Nov 8, 2012 at 12:19 PM | Unregistered CommenterAlan the Brit


You may be thinking of Futerra's Rules of the Game (pdf).

Nov 8, 2012 at 12:36 PM | Unregistered CommenterGareth


The judge has the power to just say "reveal the names as your charter requires"

So why doesn't he? He's behaving very oddly, IMO - almost as though he's been nobbled...

Nov 8, 2012 at 1:00 PM | Registered Commenterjamesp

@ rhoda 11:10 and Gareth 12:36

Bingo! They both are references I recall. The time sequence of publication is interesting:
Futerra Rules of the Game 14/10/2005 published by DEFRA
Warm Words 03/08/2006 published by IPPR
Warm Words II 19/09/2007 published by Energy Saving Trust

The BBC meeting was held December 2006, between Warm Words and Warm Words II
Climate Change Act was passed in 2008

I wonder if Gill Ereaut (Principal of Linguistic Landscapes) and /or Nat Segnit (author, scriptwriter and journalist), the authors of Warm Words attended the December meeting?
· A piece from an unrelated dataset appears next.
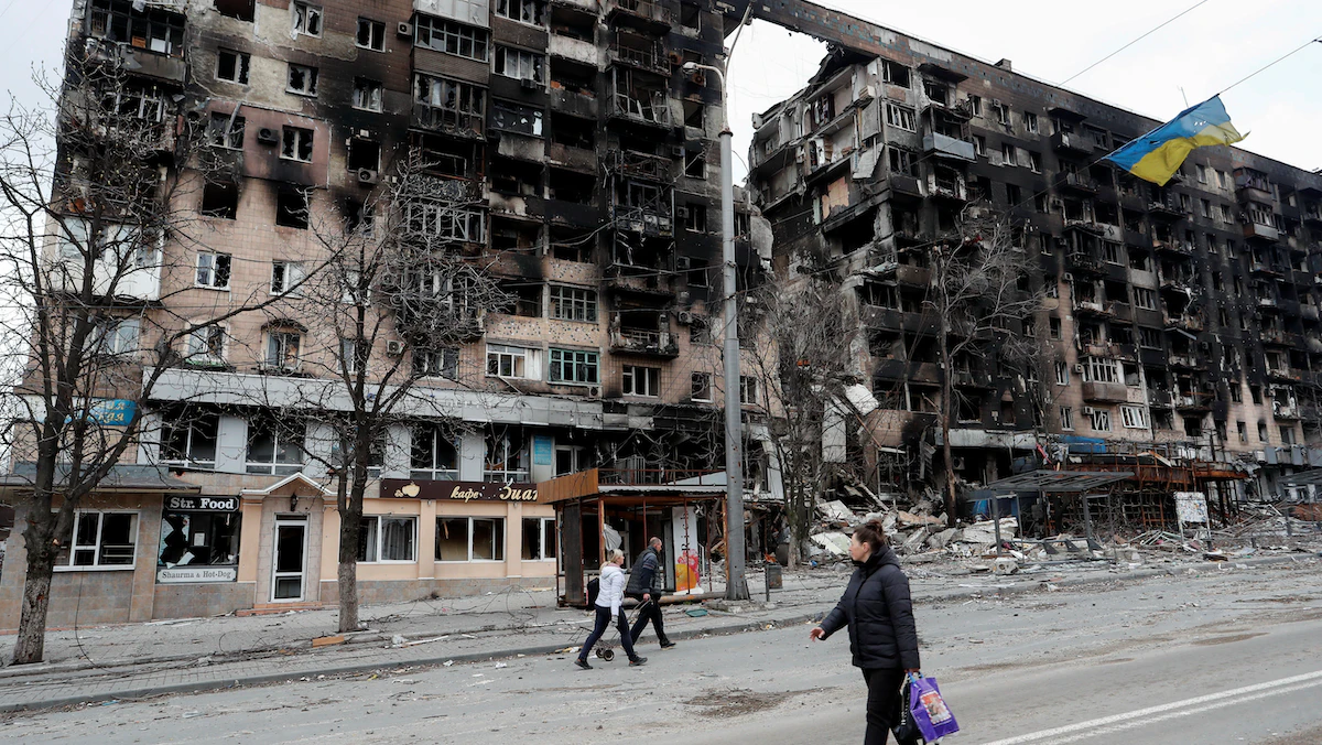 أشخاص يسيرون على طول شارع بالقرب من علم أوكرانيا معلق على سلك أمام مبنى سكني دمر خلال الصراع بين أوكرانيا وروسيا، في مدينة ماريوبل، أوكرانيا. 14 أبريل 2022 - REUTERS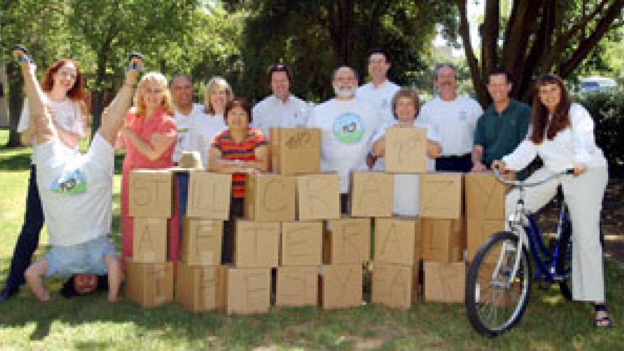 A head-over-heels Susie Gaines proves she's "Still Crazy After All These Years" -- the theme of this year's TGFS festivities -- as she poses with other TGFS committee members Tuesday. The TGFS picnic is set for 11:30 a.m. to 1:30 p.m. Wednesday, May 12, in Shields Grove, at the west end of the arboretum. Free to staff, the event will feature a menu of fried chicken, vegetarian pasta, potato salad, rolls, ice cream sandwiches and more. A prize will be awarded to the attendee who guesses closest to the weight of this scene: including the people, the bike and the boxes -- which contain campus phone books. Also in the photo are, from left, Bethany Daniels, Michele Reynolds, Gil Apaka, Donna Carrasco, Puriie Conley, Mark Ottinger, Michael Buck, Zack O'Donnell, Laura Townsley, Bob Lance, Peter Brinckerhoff and Kathy VonRummelhoff. For more about TGFS activities, merchandise and contests, as well as the schedule for trams running to and from Shields Grove for the picnic lunch, see http://staff.ucdavis.edu/tgfs.html.

Or Simon Rettalake (Head of Climate Change team at IPPR)?

The quote I was searching for was this recommendation in the paragraph headed Treating climate change as beyond argument:
"Much of the noise in the climate change discourse comes from argument and counter-argument, and it is our recommendation that, at least for popular communications, interested agencies now need to treat the argument as having been won. This means simply behaving as if climate change exists and is real, and that individual actions are effective. This must be done by stepping away from the ‘advocates debate’ described earlier, rather than by stating and re-stating these things as fact. The ‘facts’ need to be treated as being so taken-for-granted that they need not be spoken. The certainty of the Government’s new climate-change slogan – ‘Together this generation will tackle climate change’ (Defra
2006) – gives an example of this approach. It constructs, rather than claims, its own factuality."

The earlier Futerra document provides some choice quotes:
"2. Forget the climate change detractors
Those who deny climate change science are irritating, but unimportant. The argument is not about if we should deal with climate change, but how we should deal with climate change."
"We need trusted organisations and individuals that the media can call upon to explain the implications of climate change to the UK public."

Nov 8, 2012 at 1:23 PM | Unregistered Commenteroldtimer

Hilary: thanks for reading the timeline and for the feedback. Stewart Purvis was on good form last night, indeed he and Steve Hewlett put me right on some of the detail as I argued that it had to more than Peter Rippon at fault, even based on our incomplete data. The audio recording is well worth taking in. David Jordan is a key figure. I give timings of some of the crucial moments here.

Nov 8, 2012 at 6:10 PM | Unregistered CommenterRichard Drake

jamesp: I quite agree with you about the judge. Have we got any legal eagles lurking who could comment here on the judge's comments. They ought to be challengeable as misdirection or something, oughtn't they, but then I'm no expert.